Les cours commencent généralement à 8h45 mais, étant donné qu'il s'agit du premier jour de l'année, il a fallu aux élèves un peu de temps pour récupérer leurs emplois du temps et, comme l'exige la tradition de BH, assigner à chaque nouvel élève un « mentor » chargé de lui faire découvrir le lycée. Personne pour Beth et Jules, qui n'ont d'ailleurs que deux cours en commun cette année : biologie et physique/chimie. C'est après avoir dit au revoir à celle-ci que Beth entre dans la salle de Mme Fawcett –professeure réputée d'anglais, présente depuis une éternité, autant dire une antiquité. B. la connait bien, elle l'a eue l'année dernière. Elle la salue rapidement avant de gagner sa place habituelle, rangée de droite, près de la fenêtre, ni trop proche du bureau, ni trop éloignée –une position stratégique qu'Annabeth occupe dans chacun de ses cours. Vous savez ? Cette place où l'on peut à la fois être à l'abri professeur sans pour autant être perturbé par les cancres du fond de la classe. Proche de la fenêtre quand il fait chaud et près du radiateur quand il faut justement se réchauffer. Beth se félicite encore de cette décision quand un sac, négligemment lancé, heurte la table voisine. Elle sursaute violemment et renverse le contenu de sa trousse, qu'elle s'empresse évidemment de ramasser.

« - Deuxième fois qu'on essaye de te tuer aujourd'hui ? T'aurais pu me prévenir que t'attirais autant le danger, je tiens plutôt pas mal à ma vie ces jours-ci. »

« - Que veux-tu, le danger m'apprécie au point de ne plus me laisser une seconde de répit. » répond-elle sans lever la tête de ses stylos.

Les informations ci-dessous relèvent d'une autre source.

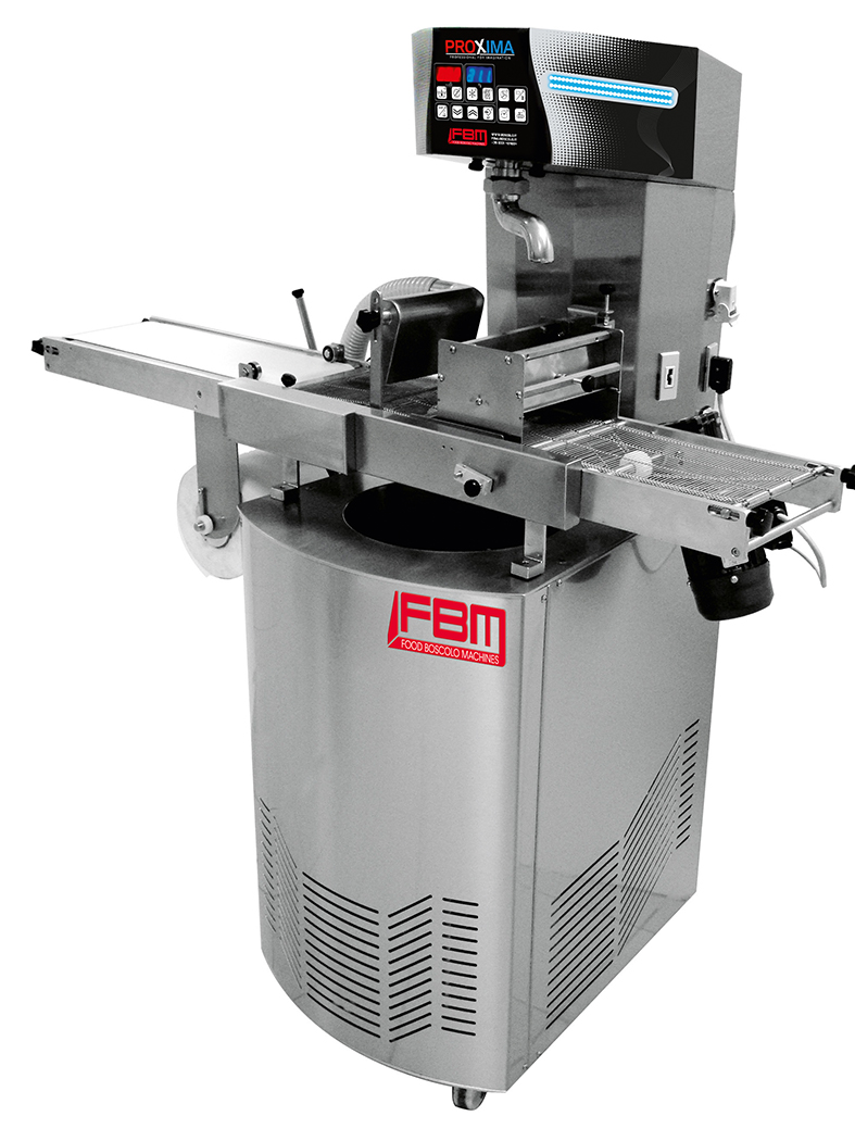 Proxima è una temperatrice per cioccolato da 25 kg, sviluppata da FBM con un forte orientamento al risparmio energetico. Il sistema di tempera continua su cui si basa integra due tecnologie distinte per il riscaldamento e il raffreddamento.
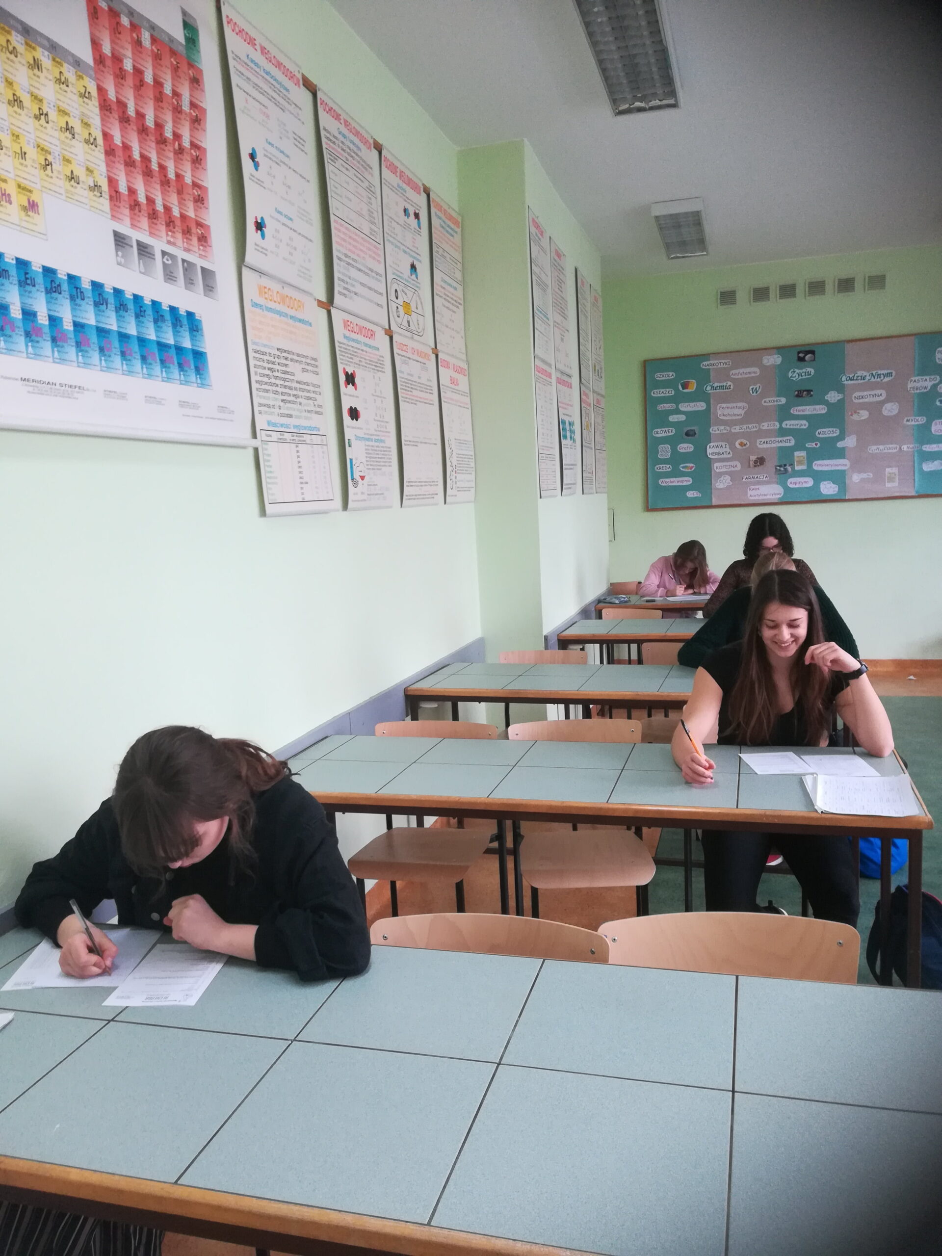 Jedenastu uczniów z klasy I, II i III pisało test składający się z 30 pytań zamkniętych oraz jednego pytania opisowego na temat zjawisk chemicznych zachodzących w środowisku naturalnym. Karty pracy wysłaliśmy do organizatora konkursu i z niecierpliwością czekamy na wyniki a one dopiero w maju………..

« - Je tâcherai de m'en souvenir, mais je ne suis pas contre un peu de piment dans ma vie à vrai dire. Je prendrai donc le risque : la table est libre Danger ? »

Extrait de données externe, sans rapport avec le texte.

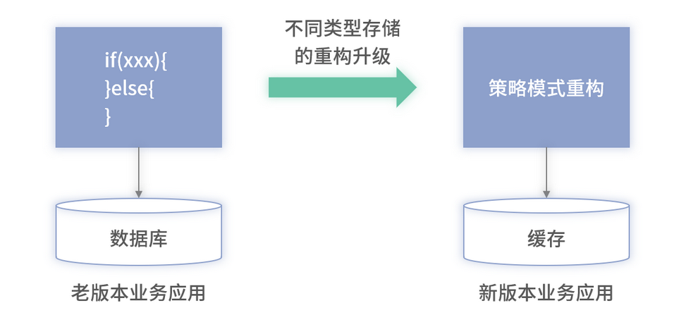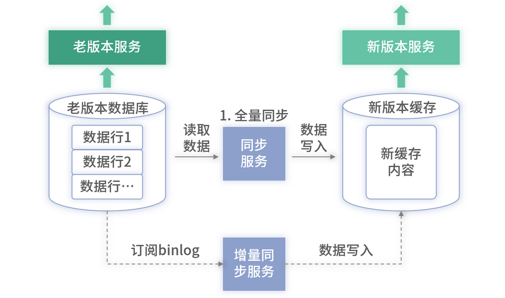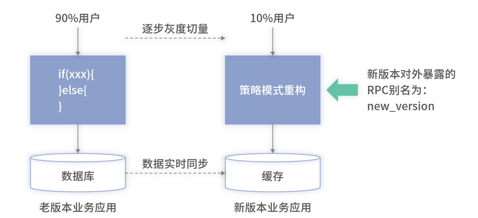 上述的架构中,左边部分是老版本未重构的服务及对应的老数据存储(后续称为老存储),图中右边部分部署的是升级重构后的新版本的服务和对应的新版本存储(后续称为新存储)。这个存储可以是缓存或者是表结构不同的数据库。
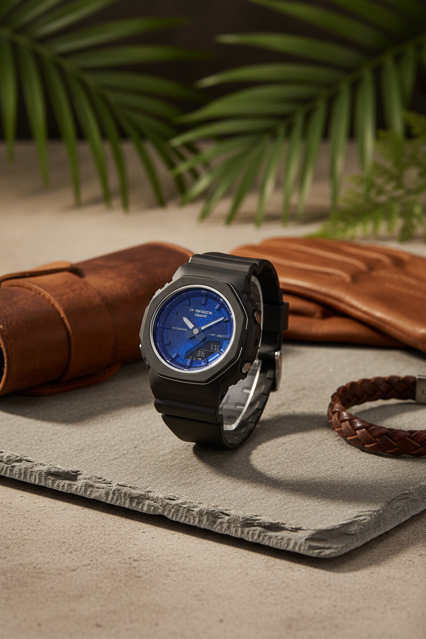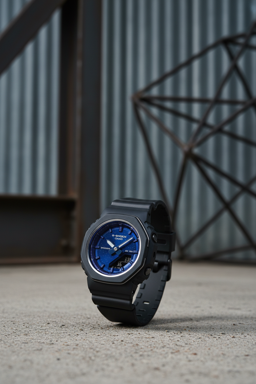 | Funciones especiales | Bisel octogonal con aro metálico, caja y correa de resina de base biológica, esfera azul marino con degradado y efecto nacarado inspirada en el lapislázuli (símbolo de buena fortuna), cristal mineral, manos con Neobrite luminosa, doble luz LED Super Illuminator (para parte analógica y digital), función de desplazamiento de agujas, tono de botón activable/desactivable; dimensiones aproximadas 46 × 40,5 × 11,3 mm y peso cercano a 37–40 g, en un tamaño compacto tipo “CasiOak” pensado para muñecas pequeñas. |
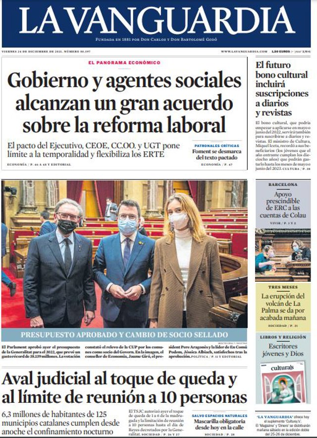LA VANGUARDIA: "Gobierno y agentes sociales alcanzan un gran acuerdo sobre la reforma laboral"; "Aval judicial al toque de queda y al límite de reunión a 10 personas"; "El futuro bono cultural incluirá suscripciones a diarios y revistas".
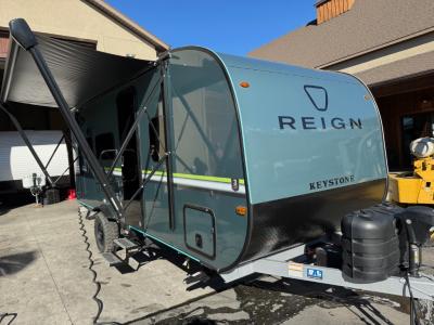 The Reign travel trailers by Keystone are premium single-axle units that are sure to make an impression at the campground. Each one is built with an exclusive automotive-finished aluminum exterior, a walkable roof, and a 100% composite floor for added durability. There are also tinted safety glass windows, quick drop stabilizer jacks, and an exterior shower with hot and cold water. The European inspired interior design is unique and cozy, and the 78" interior height will give you plenty of space to move about. You will also enjoy the ultra bright LED light strip and solid surface countertops in the kitchen, along with blackout night shades, and many more interior comforts.

Annabeth lâche un « oui » indifférent, toujours focalisée sur ses stylos éparpillés tout autours d'elle. A quatre pattes sous sa table, elle ne s'intéresse guère à son interlocuteur –surtout que c'est de sa faute si elle s'est retrouvée dans cette situation.

« - Re-bonjour sinon, on s'est déjà brièvement rencontrés un peu plus tôt. Je suis Carter. »

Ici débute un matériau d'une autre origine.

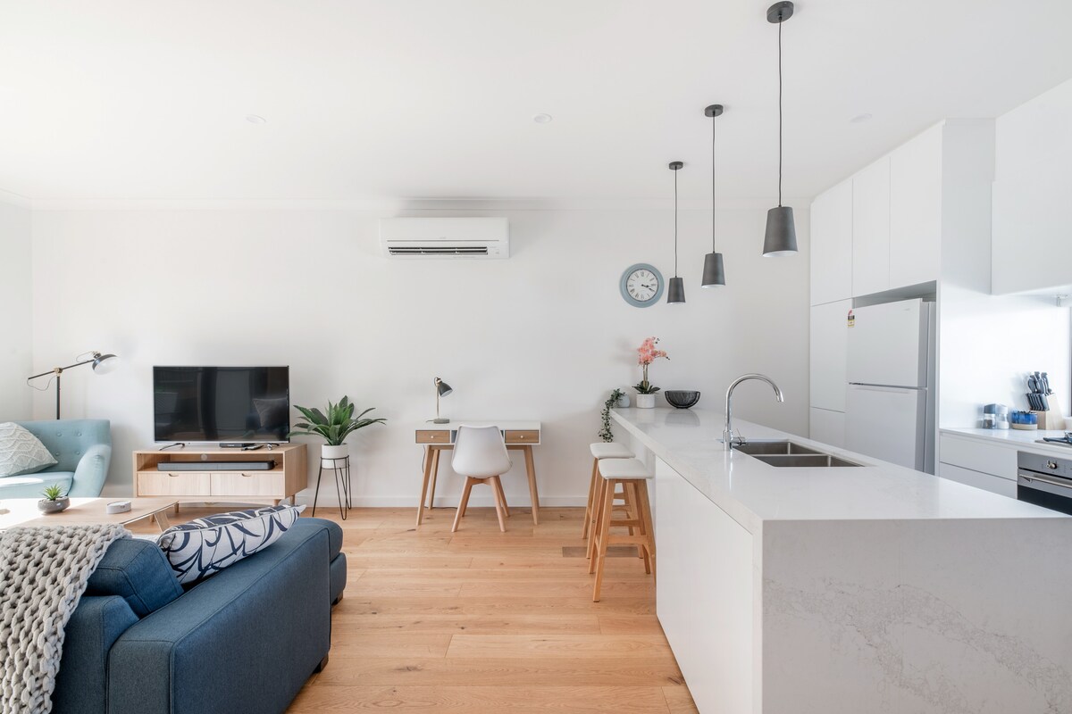 🌟 "We waren verbijsterd over hoe schoon en vlekkeloos het appartement is" Ontspan in deze moderne Japans-Scandinavische designwoning met twee slaapkamers terwijl je Melbourne verkent. Onze woning is gelegen in het Art Precinct van Melbourne en biedt een schilderachtig uitzicht op de skyline van de stad. Bovendien ligt de woning op loopafstand van trams/treinen, het Crown Casino, de NGV, het Arts Centre en de Royal Botanical Gardens. Neem direct beneden een tram naar de CBD, het MCG, AAMI Park en Melbourne Park voor de Australian Open.

Elle n'en revient pas –si bien qu'elle se cogne l'arrière du crâne contre sa table en se relevant. A genoux, une main massant sa tête endolorie et l'autre s'empressant de serrer celle que lui tend Carter.

« - Annabeth Waters, mais mes amis m'appellent plutôt Beth ou Anna. » bégaye-t-elle, lui tenant toujours maladroitement la main; un contact qui lui procure une sensation de chaleur dans tout son avant-bras.

Il lui lâche finalement la main pour la passer dans ses cheveux puis s'assoir nonchalamment sur la chaise voisine.  

« - Vraiment désolé d'ailleurs... Pour tout à l'heure, la voiture, Liam ? » ajoute-t-il face à l'incompréhension lisible sur le visage de Beth.

« -Ah oui, ça... Plus de peur que de mal. Grâce à toi. Merci beaucoup. Je...

- Commencez bien ce semestre en cessant vos bavardages, je vous prie. Ça vaut pour vous égalementM. Hudson et Miss Waters. » la coupe Mme Fawcett.

Beth rougit quand les yeux de ses camarades se tournent vers eux. Elle s'empresse de s'assoir face à la professeure et sort l'intégralité de ses affaires, sans pour autant laisser son esprit s'éloigner de cet échange avec Carter. Elle sourit silencieusement en repensant à cette poignée de main, aussi gênante soit-elle.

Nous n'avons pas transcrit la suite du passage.